Records excerpted from a collection
<<<<

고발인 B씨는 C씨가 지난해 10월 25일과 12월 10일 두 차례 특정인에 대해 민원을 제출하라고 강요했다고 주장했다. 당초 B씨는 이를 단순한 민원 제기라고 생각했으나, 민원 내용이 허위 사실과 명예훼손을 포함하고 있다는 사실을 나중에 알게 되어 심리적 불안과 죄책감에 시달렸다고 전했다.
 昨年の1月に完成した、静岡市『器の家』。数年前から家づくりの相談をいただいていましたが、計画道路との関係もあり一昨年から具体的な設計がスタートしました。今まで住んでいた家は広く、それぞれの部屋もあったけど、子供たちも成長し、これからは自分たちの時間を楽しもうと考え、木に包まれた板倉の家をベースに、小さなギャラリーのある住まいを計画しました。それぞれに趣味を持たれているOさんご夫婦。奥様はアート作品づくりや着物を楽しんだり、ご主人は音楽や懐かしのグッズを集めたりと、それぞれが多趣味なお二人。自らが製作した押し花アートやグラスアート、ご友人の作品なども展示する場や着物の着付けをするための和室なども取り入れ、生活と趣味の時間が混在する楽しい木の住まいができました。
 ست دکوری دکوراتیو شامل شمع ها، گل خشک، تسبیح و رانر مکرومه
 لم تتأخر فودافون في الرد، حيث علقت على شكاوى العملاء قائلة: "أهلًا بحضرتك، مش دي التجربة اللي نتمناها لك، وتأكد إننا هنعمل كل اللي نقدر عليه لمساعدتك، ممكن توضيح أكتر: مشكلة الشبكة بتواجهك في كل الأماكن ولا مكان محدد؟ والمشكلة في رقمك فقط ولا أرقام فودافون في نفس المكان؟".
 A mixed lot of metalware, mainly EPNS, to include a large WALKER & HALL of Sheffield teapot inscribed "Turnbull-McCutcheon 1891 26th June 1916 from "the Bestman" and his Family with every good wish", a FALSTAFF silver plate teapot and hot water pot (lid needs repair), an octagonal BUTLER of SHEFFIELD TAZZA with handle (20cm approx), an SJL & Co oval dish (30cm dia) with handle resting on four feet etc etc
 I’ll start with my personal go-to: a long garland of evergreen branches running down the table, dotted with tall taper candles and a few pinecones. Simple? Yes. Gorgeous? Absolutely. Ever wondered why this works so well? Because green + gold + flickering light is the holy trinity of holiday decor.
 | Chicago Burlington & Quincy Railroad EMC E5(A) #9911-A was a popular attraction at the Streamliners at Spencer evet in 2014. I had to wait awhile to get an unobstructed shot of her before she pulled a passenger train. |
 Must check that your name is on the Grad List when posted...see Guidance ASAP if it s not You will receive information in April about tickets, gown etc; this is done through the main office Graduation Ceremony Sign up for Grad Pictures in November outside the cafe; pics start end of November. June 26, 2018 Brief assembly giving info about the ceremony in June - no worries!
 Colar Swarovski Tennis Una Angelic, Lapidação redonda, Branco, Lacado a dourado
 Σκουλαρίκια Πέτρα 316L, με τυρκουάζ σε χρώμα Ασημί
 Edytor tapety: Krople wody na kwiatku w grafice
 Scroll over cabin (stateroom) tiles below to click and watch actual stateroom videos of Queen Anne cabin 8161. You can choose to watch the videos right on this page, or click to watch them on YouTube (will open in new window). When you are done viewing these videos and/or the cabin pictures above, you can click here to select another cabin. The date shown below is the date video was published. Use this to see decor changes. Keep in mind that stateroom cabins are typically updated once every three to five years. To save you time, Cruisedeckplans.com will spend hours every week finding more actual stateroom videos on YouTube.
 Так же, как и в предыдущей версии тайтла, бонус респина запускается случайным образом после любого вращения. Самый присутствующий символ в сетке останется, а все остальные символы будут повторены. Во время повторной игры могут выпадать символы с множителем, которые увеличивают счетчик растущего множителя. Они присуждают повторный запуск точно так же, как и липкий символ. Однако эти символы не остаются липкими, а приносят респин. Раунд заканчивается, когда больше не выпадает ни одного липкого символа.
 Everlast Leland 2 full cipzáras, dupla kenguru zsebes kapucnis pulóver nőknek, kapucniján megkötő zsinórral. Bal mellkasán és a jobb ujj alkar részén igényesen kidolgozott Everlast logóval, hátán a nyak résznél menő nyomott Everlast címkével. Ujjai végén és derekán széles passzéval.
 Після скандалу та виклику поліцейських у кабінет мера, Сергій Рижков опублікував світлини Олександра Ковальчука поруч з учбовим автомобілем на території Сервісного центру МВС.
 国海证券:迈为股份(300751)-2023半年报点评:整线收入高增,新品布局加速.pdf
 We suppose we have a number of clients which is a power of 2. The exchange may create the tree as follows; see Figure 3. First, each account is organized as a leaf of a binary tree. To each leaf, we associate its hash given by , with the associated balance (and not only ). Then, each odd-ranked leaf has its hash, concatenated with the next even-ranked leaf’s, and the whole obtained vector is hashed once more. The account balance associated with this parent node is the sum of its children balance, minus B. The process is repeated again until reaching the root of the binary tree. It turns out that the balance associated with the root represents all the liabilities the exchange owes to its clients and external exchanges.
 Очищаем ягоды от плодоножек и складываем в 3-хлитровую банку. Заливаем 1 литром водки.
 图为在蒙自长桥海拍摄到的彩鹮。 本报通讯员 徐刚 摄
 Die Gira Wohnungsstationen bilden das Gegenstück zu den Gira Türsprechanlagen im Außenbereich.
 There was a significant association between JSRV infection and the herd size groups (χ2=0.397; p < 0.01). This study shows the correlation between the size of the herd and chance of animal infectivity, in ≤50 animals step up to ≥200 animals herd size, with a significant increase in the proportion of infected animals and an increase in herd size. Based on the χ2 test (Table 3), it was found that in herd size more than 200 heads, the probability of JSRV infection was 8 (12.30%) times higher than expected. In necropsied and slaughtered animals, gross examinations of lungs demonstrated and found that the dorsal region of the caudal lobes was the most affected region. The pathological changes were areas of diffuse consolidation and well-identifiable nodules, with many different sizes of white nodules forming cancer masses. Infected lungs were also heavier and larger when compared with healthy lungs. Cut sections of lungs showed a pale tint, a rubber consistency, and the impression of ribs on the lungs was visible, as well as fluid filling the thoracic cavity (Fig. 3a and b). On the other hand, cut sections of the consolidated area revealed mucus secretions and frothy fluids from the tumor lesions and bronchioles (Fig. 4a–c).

>>>>

Task prompt:
Your output must be the exact lines from the one containing "We suppose we" through the end of the data above, both included, and nothing more.

Answer below:
 We suppose we have a number of clients which is a power of 2. The exchange may create the tree as follows; see Figure 3. First, each account is organized as a leaf of a binary tree. To each leaf, we associate its hash given by , with the associated balance (and not only ). Then, each odd-ranked leaf has its hash, concatenated with the next even-ranked leaf’s, and the whole obtained vector is hashed once more. The account balance associated with this parent node is the sum of its children balance, minus B. The process is repeated again until reaching the root of the binary tree. It turns out that the balance associated with the root represents all the liabilities the exchange owes to its clients and external exchanges.
 Очищаем ягоды от плодоножек и складываем в 3-хлитровую банку. Заливаем 1 литром водки.
 图为在蒙自长桥海拍摄到的彩鹮。 本报通讯员 徐刚 摄
 Die Gira Wohnungsstationen bilden das Gegenstück zu den Gira Türsprechanlagen im Außenbereich.
 There was a significant association between JSRV infection and the herd size groups (χ2=0.397; p < 0.01). This study shows the correlation between the size of the herd and chance of animal infectivity, in ≤50 animals step up to ≥200 animals herd size, with a significant increase in the proportion of infected animals and an increase in herd size. Based on the χ2 test (Table 3), it was found that in herd size more than 200 heads, the probability of JSRV infection was 8 (12.30%) times higher than expected. In necropsied and slaughtered animals, gross examinations of lungs demonstrated and found that the dorsal region of the caudal lobes was the most affected region. The pathological changes were areas of diffuse consolidation and well-identifiable nodules, with many different sizes of white nodules forming cancer masses. Infected lungs were also heavier and larger when compared with healthy lungs. Cut sections of lungs showed a pale tint, a rubber consistency, and the impression of ribs on the lungs was visible, as well as fluid filling the thoracic cavity (Fig. 3a and b). On the other hand, cut sections of the consolidated area revealed mucus secretions and frothy fluids from the tumor lesions and bronchioles (Fig. 4a–c).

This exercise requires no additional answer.